Methodology of Unequal Risk investigation

View this interactive to explore cancer risks and OSHA exposure limits.

Introduction

Our data analysis behind the Unequal Risk investigation into work-related diseases in America.

CANCER RISK

Our interactive cancer-risk graphic is based on an analysis by Adam M. Finkel — a former director of OSHA’s health regulatory divisions who is now at the University of Pennsylvania Law School — and the Center for Public Integrity. It tackles a thorny question: If 1,000 workers are exposed to a chemical’s legal limit over their entire careers, how many will likely get cancer as a result of that exposure? What, in other words, is the excess risk above and beyond the cancer risk everyone faces?
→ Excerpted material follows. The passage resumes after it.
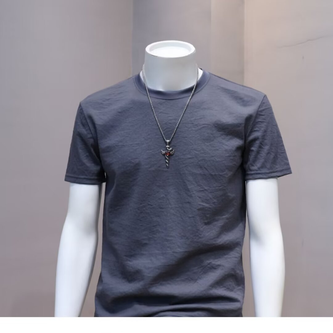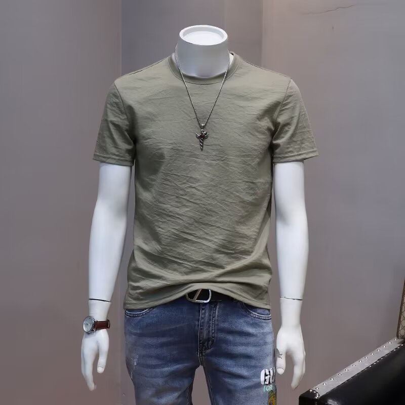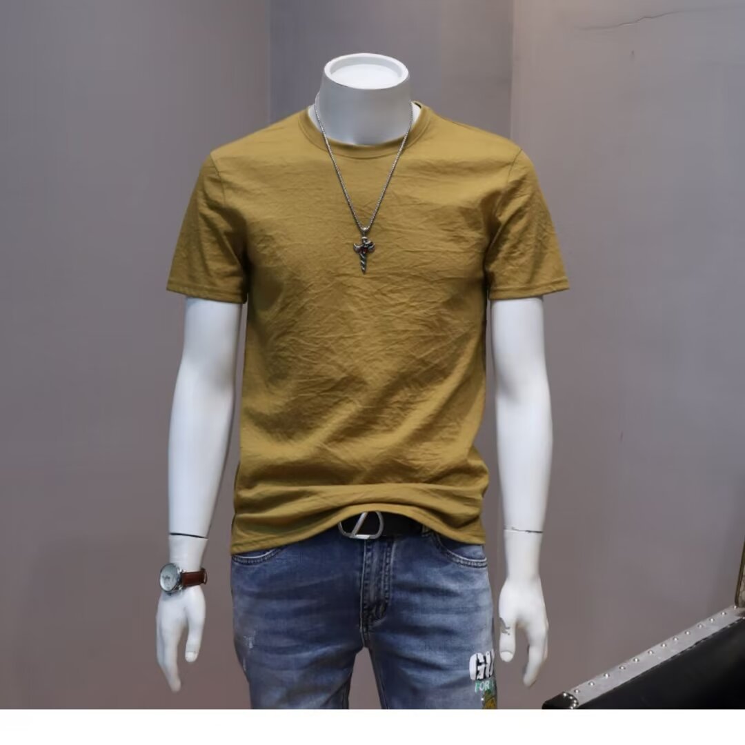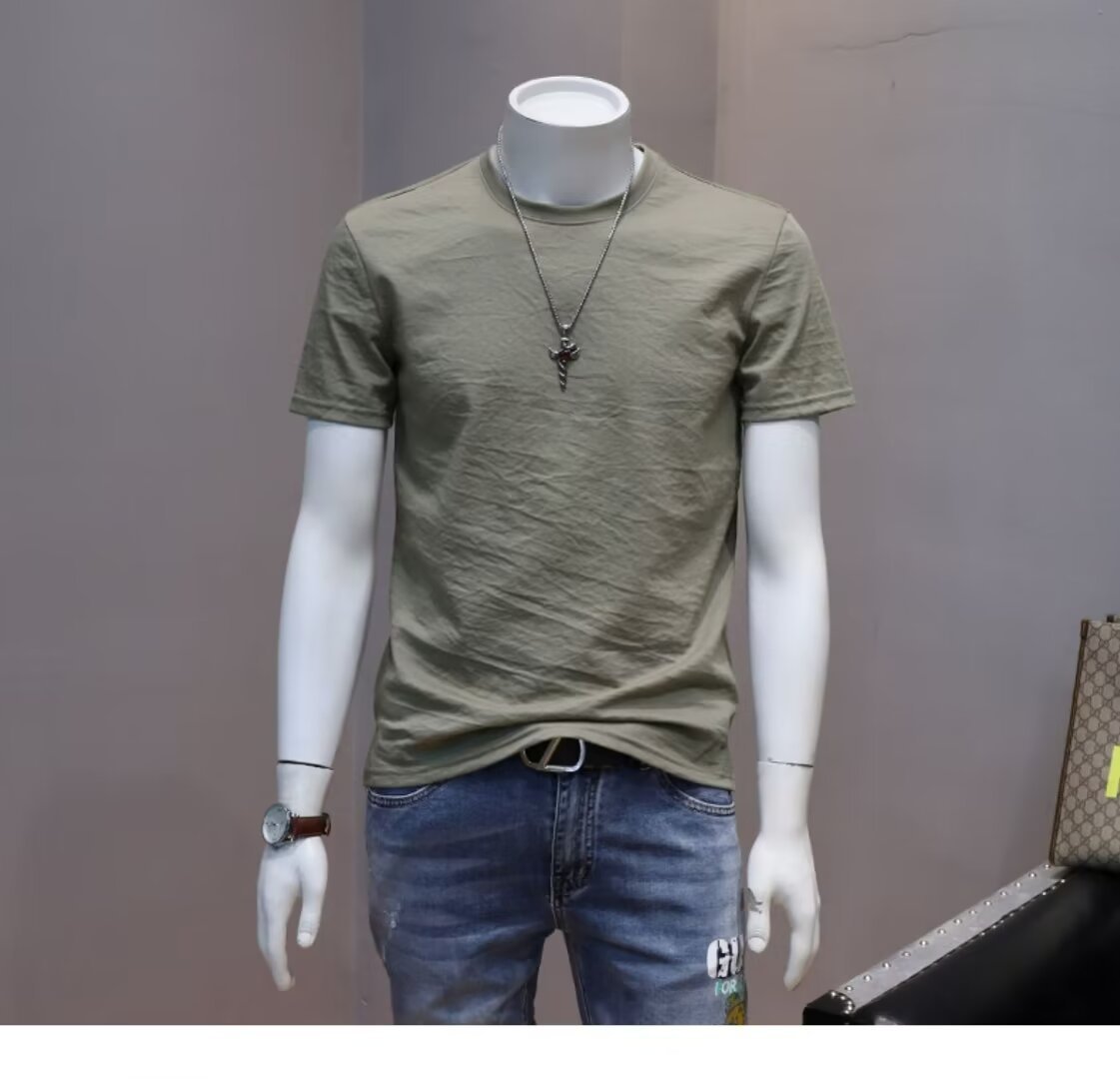 하이 엔드 아이스 실크 반팔 티셔츠 남자 여름 얇은 Tiansi 대마 최고 남성면 및 리넨 반소매 티셔츠스토어 가기

First, an important note: Any risk analysis produces estimates, not exact numbers. Its value is showing how much hazards can vary under the law. (This analysis doesn’t look at average exposures, but rather the impact of what exposure at exactly the legal limit would be. But the Center also mined an OSHA inspections database for a separate analysis to find out how often the agency detected several toxic substances above the legal level. See the exposure-data section below for more on that.)

Our group of theoretical workers is 1,000-strong for a reason. OSHA considers a grave risk such as cancer that affects one worker in 1,000, all equally exposed over the length of their careers, to be “clearly significant.”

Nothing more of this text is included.